Adding ben and the linuxppc list. Context: pata_macio initialization now fails as we enforce that the segment size is set properly. On Wed, May 15, 2024 at 04:52:29PM -0700, Guenter Roeck wrote: > pata_macio_common_init() Calling ata_host_activate() with limit 65280 > ... > max_segment_size is 65280; PAGE_SIZE is 65536; BLK_MAX_SEGMENT_SIZE is 65536 > WARNING: CPU: 0 PID: 12 at block/blk-settings.c:202 blk_validate_limits+0x2d4/0x364 > ... > > This is with PPC_BOOK3S_64 which selects a default page size of 64k. Yeah. Did you actually manage to use pata macio previously? Or is it just used because it's part of the pmac default config? > Looking at the old code, I think it did what you suggested above, > but assuming that the driver requested a lower limit on purpose that > may not be the best solution. > Never mind, though - I updated my test configuration to explicitly > configure the page size to 4k to work around the problem. With that, > please consider this report a note in case someone hits the problem > on a real system (and sorry for the noise). Yes, the idea behind this change was to catch such errors. So far most errors have been drivers setting lower limits than what the hardware can actually handle, but I'd love to track this down. If the hardware can't actually handle the lower limit we should probably just fail the probe gracefully with a well comment if statement instead.

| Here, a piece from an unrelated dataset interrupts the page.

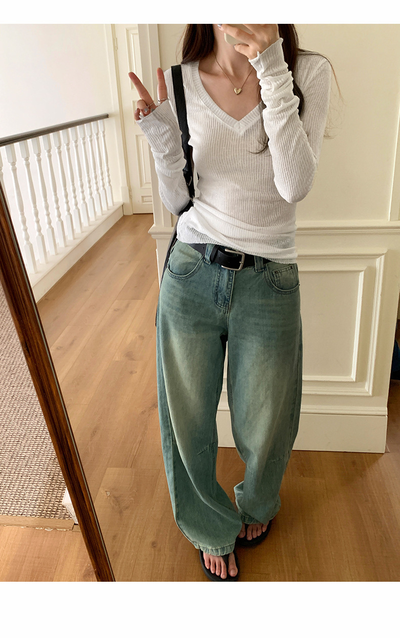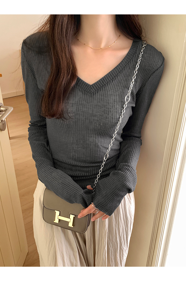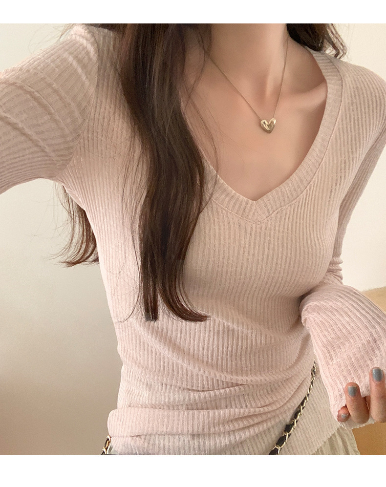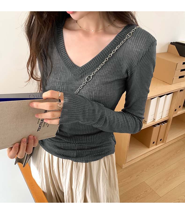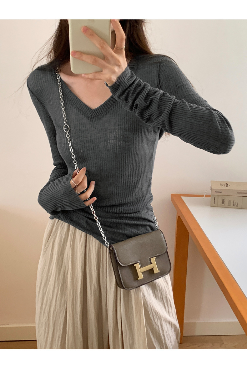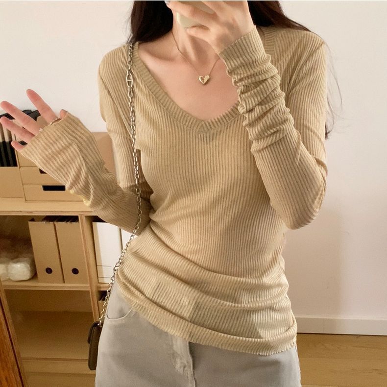 春夏新款美式v领薄款修身显瘦长袖女纯欲风设计感微透罩衫可外穿

[CCing the regression list, as it should be in the loop for regressions: https://docs.kernel.org/admin-guide/reporting-regressions.html] On 20.05.24 17:15, Christoph Hellwig wrote: > Adding ben and the linuxppc list. Hmm, no reply and no other progress to get this resolved afaics. So lets bring Michael into the mix, he might be able to help out. BTW TWIMC: a PowerMac G5 user user reported similar symptoms here recently: https://bugzilla.kernel.org/show_bug.cgi?id=218858 Ciao, Thorsten > Context: pata_macio initialization now fails as we enforce that the > segment size is set properly. > > On Wed, May 15, 2024 at 04:52:29PM -0700, Guenter Roeck wrote: >> pata_macio_common_init() Calling ata_host_activate() with limit 65280 >> ... >> max_segment_size is 65280; PAGE_SIZE is 65536; BLK_MAX_SEGMENT_SIZE is 65536 >> WARNING: CPU: 0 PID: 12 at block/blk-settings.c:202 blk_validate_limits+0x2d4/0x364 >> ... >> >> This is with PPC_BOOK3S_64 which selects a default page size of 64k. > > Yeah. Did you actually manage to use pata macio previously? Or is > it just used because it's part of the pmac default config? > >> Looking at the old code, I think it did what you suggested above, > >> but assuming that the driver requested a lower limit on purpose that >> may not be the best solution. > >> Never mind, though - I updated my test configuration to explicitly >> configure the page size to 4k to work around the problem. With that, >> please consider this report a note in case someone hits the problem >> on a real system (and sorry for the noise). > > Yes, the idea behind this change was to catch such errors. So far > most errors have been drivers setting lower limits than what the > hardware can actually handle, but I'd love to track this down. > > If the hardware can't actually handle the lower limit we should > probably just fail the probe gracefully with a well comment if > statement instead.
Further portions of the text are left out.